Telmisartan on Awakening
Figure 1 (left) shows the circadian rhythm of SBP and DBP measured by 48-hour ABPM before and after 12 weeks of telmisartan on awakening in the morning. The dark shading along the lower horizontal axis of the graphs represents the average hours of nocturnal sleep across the patients. Results did not vary between the 2 consecutive days of sampling. Therefore, we decided to pool the BP data over an idealized single 24-hour profile to simplify the graphic display of the results. Three-month morning telmisartan treatment resulted in a statistically significant reduction of the 24-hour mean BP from baseline (decrease of 10.5/7.9 mm Hg of SBP/DBP; P<0.001; Table 2). After treatment, 49.5% of the subjects in this group showed controlled values of ABPM, ie, values below the diagnostic thresholds mentioned above.^12,13 The circadian amplitude of BP was slightly but significantly reduced after treatment (Figure 1, left). Thus, the effects of treatment were greater on the diurnal than on the nocturnal mean of BP when telmisartan was ingested on awakening (Figure 2 and Table 2). Morning telmisartan treatment exerted no effect on the 24-hour mean HR (decrease of 0.5 bpm; P=0.354; Table 2). The circadian pattern of physical activity monitored before and after 3 months of treatment also remained unchanged (P=0.213 for comparison of 24-hour mean activity before and after treatment). The average duration of nocturnal rest was not statistically different for the profiles obtained before and after treatment (P=0.469; Table 2).

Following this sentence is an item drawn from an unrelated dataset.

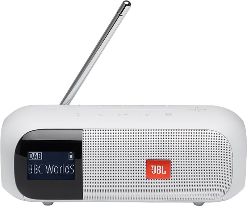 З JBL Tuner 2 ви зможете слухати улюблені радіостанції або власні плейлисти, коли завгодно. Ця поліпшена версія Bluetooth-колонки з FM-тюнером і підтримкою цифрового радіомовлення в форматах DAB / DAB + вражає своїм кришталево чистим звуком. Але тепер вона може похвалитися ще більшим дисплеєм, 12 годинами автономної роботи і захистом від води рівня IPX7. Завдяки цій акустиці ви завжди зможете налаштуватися на улюблену хвилю і насолоджуватися гарною музикою, де б не знаходилися.
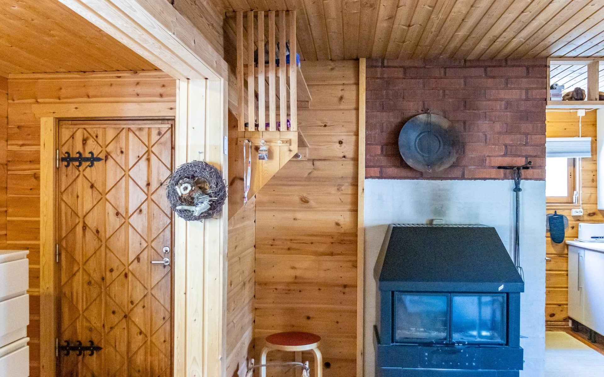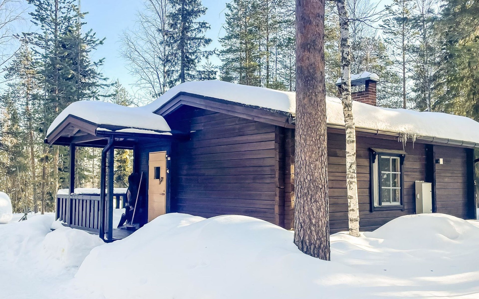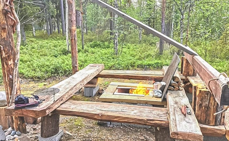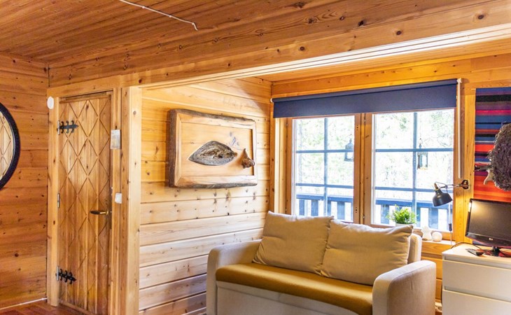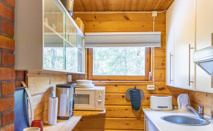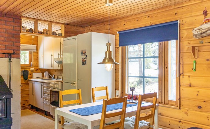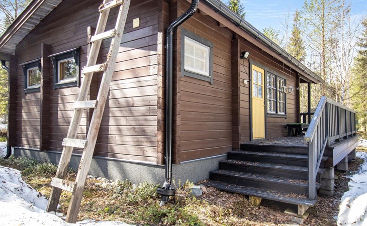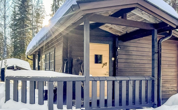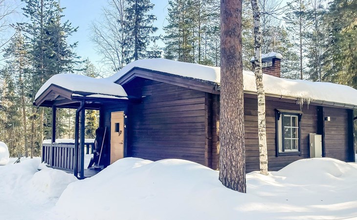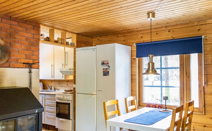 The 45 m2 cabin includes a living room/kitchen, a bathroom, sauna, and a terrace. Outside, there is also a campfire site. The cabin was originally built in 1982 with an extension added in the early 2000s.

View larger version (62K): [in this window] [in a new window]   Figure 1. Changes in the circadian pattern of SBP (top) and DBP (bottom) with telmisartan (80 mg/d) ingested on awakening (n=107; left) or at bedtime (n=108; right) in patients with grade 1 or 2 essential hypertension sampled by 48-hour ABPM. Each graph shows the hourly means and SEs of data collected before (continuous line) and after (dashed line) 12 weeks of timed treatment. Dark shading along the lower horizontal axis of the graphs represents the average hours of nocturnal sleep across the patient sample. The nonsinusoidal-shaped curves correspond with the best-fitted waveform model determined by population multiple-component analysis. MESOR (midline estimating statistic of rhythm) is the average value of the rhythmic function fitted to the data. Amplitude is one half of the difference between the maximum and the minimum values of the best-fitted curve.

View this table: [in this window] [in a new window]   Table 2. Ambulatory BP Characteristics of Subjects Investigated

View larger version (93K): [in this window] [in a new window]   Figure 2. Changes (in units of mm Hg) in the diurnal (active hours), nocturnal (sleep time), and 24-hour mean of SBP (top) and DBP (bottom) with telmisartan (80 mg/d) ingested on awakening or at bedtime in patients with grade 1 or 2 essential hypertension studied by 48-hour ABPM before and after 12 weeks of timed treatment. P values are shown for comparison of the effects between the 2 groups of subjects by ANOVA.

Telmisartan at Bedtime
The right panels in Figure 1 show the 24-hour pattern of SBP and DBP before and after bedtime telmisartan ingestion. This timed treatment resulted in significant reduction in the 24-hour mean of SBP/DBP from baseline, by 11.7/8.3 mm Hg (P<0.001; Table 2). In keeping with the ABPM criteria mentioned above, 64.8% of the patients in this group evidenced controlled BP after treatment. Despite the significant effect on BP, HR remained unchanged after treatment (decrease of 0.5 bpm in the 24-hour mean of HR; P=0.644). The circadian pattern of activity was also similar before and after therapy (P=0.703). The average duration of nocturnal rest was comparable for the profiles obtained before and after intervention (P=0.082; Table 2). The BP reduction after treatment was statistically significant (P<0.001 after correcting for multiple testing) in all of the 24-hour intervals, as shown by the asterisks above the lower horizontal axis in the right panels of Figure 1. The circadian amplitude of BP was significantly increased after treatment (P<0.018; Figure 1), corroborating that the effects of treatment were greater on the nocturnal than on the diurnal mean of BP when telmisartan was ingested at bedtime (Figure 2 and Table 2).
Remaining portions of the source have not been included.